Given two integer arrays A and B, return the maximum length of an subarray that appears in both arrays.
Example 1:
Input:
A: [1,2,3,2,1]
B: [3,2,1,4,7]
Output: 3
Explanation:
The repeated subarray with maximum length is [3, 2, 1].
Note:
1 <= len(A), len(B) <= 1000
0 <= A[i], B[i] < 100
Solutions
My solution
class Solution {
public:
int findLength(vector<int>& A, vector<int>& B) {
int n = A.size();
int m = B.size();
if(n == 0 || m == 0) return 0;
// dp[i][j]: length of the longest common subarray of A[0..i] and B[0..j] ending with A[i] and B[j]
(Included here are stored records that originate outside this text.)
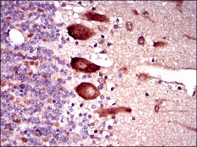 Immunohistochemical analysis of paraffin-embedded human cerebellum tissues using KEAP1 mouse mAb with DAB staining.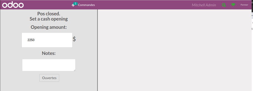 Point de Vente (POS) : Lors de l'Ouverture d’une session, il est possible d’entrer la balance d’ouverture .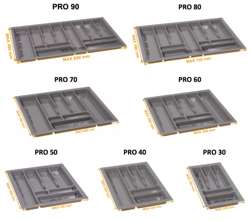 ✅ Ampia gamma di dimensioni: il vassoio per posate a cassetto si adatta al cassetto 30 / 40 / 50 / 60 / 70 / 80 / 90 cm sulla guida. Disponibile in diverse dimensioni. Colori disponibili: bianco e argento

vector<vector<int>> dp(n, vector<int>(m));
int len = 0;
for(int j = 0; j < m; ++j){
if(A[0] == B[j]){
len = dp[0][j] = 1;
}
}
for(int i = 0; i < n; ++i){
if(A[i] == B[0]){
len = dp[i][0] = 1;
}
}
for(int i = 1; i < n; ++i){
for(int j = 1; j < m; ++j){
if(A[i] == B[j]){
dp[i][j] = dp[i - 1][j - 1] + 1;
len = max(len, dp[i][j]);
}
}
}
return len;
}
};
More concise implementation
class Solution {
public:
int findLength(vector<int>& A, vector<int>& B) {
int n = A.size();
int m = B.size();
// dp[i][j]: length of longest common subarray of A[0..i-1] and B[0..j-1] ending with A[i-1] and B[j-1]
vector<vector<int>> dp(n + 1, vector<int>(m + 1));
int len = 0;
for(int i = 1; i <= n; ++i){
for(int j = 1; j <= m; ++j){
if(A[i - 1] == B[j - 1]){
dp[i][j] = dp[i - 1][j - 1] + 1;
len = max(len, dp[i][j]);
}
}
}
return len;
}
};